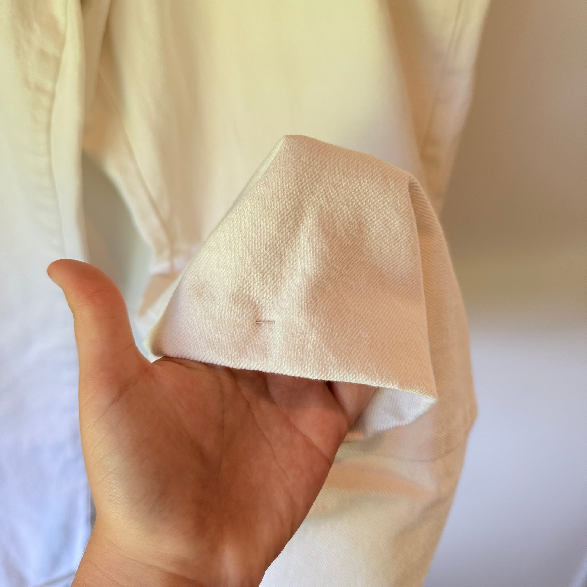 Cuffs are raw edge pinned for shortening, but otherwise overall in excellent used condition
---
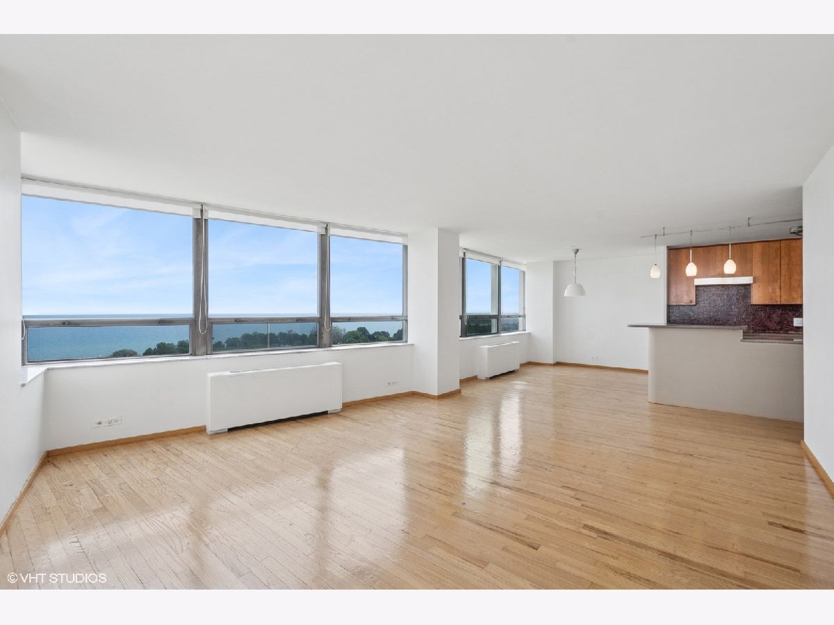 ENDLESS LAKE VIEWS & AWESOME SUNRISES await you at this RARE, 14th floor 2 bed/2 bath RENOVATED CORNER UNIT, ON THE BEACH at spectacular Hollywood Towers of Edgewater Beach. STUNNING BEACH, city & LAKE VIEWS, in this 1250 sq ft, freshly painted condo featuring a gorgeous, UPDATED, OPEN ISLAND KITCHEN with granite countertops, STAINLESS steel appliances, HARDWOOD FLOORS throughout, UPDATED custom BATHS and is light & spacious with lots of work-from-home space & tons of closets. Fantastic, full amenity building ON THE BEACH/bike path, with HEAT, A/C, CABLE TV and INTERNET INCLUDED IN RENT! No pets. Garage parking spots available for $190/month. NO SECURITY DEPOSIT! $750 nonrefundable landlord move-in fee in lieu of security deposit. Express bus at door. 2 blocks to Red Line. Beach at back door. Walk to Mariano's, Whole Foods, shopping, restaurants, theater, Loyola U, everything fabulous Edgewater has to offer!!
...
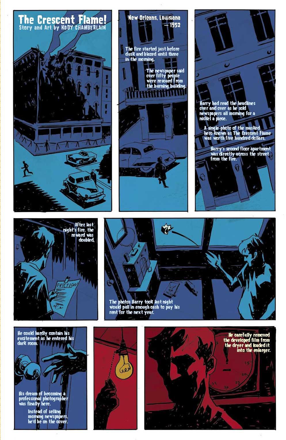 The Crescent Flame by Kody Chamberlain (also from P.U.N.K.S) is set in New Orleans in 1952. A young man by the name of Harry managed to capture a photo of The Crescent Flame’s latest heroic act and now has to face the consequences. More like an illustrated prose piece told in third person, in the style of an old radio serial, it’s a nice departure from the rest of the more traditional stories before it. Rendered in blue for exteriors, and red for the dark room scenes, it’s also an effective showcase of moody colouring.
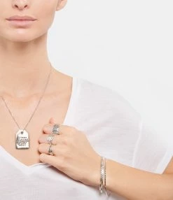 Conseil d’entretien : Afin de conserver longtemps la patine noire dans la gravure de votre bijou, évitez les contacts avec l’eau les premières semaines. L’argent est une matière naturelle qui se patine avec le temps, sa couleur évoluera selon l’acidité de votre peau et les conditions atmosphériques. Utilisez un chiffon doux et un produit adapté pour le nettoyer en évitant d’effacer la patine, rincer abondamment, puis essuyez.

- THE TASK: Everything above from the line containing "The Crescent Flame by" down to the line containing "Conseil d’entretien : Afin" is to be duplicated exactly, both lines included, and the pictures are to be omitted.

- RESULT OF THE TASK:
 The Crescent Flame by Kody Chamberlain (also from P.U.N.K.S) is set in New Orleans in 1952. A young man by the name of Harry managed to capture a photo of The Crescent Flame’s latest heroic act and now has to face the consequences. More like an illustrated prose piece told in third person, in the style of an old radio serial, it’s a nice departure from the rest of the more traditional stories before it. Rendered in blue for exteriors, and red for the dark room scenes, it’s also an effective showcase of moody colouring.
 Conseil d’entretien : Afin de conserver longtemps la patine noire dans la gravure de votre bijou, évitez les contacts avec l’eau les premières semaines. L’argent est une matière naturelle qui se patine avec le temps, sa couleur évoluera selon l’acidité de votre peau et les conditions atmosphériques. Utilisez un chiffon doux et un produit adapté pour le nettoyer en évitant d’effacer la patine, rincer abondamment, puis essuyez.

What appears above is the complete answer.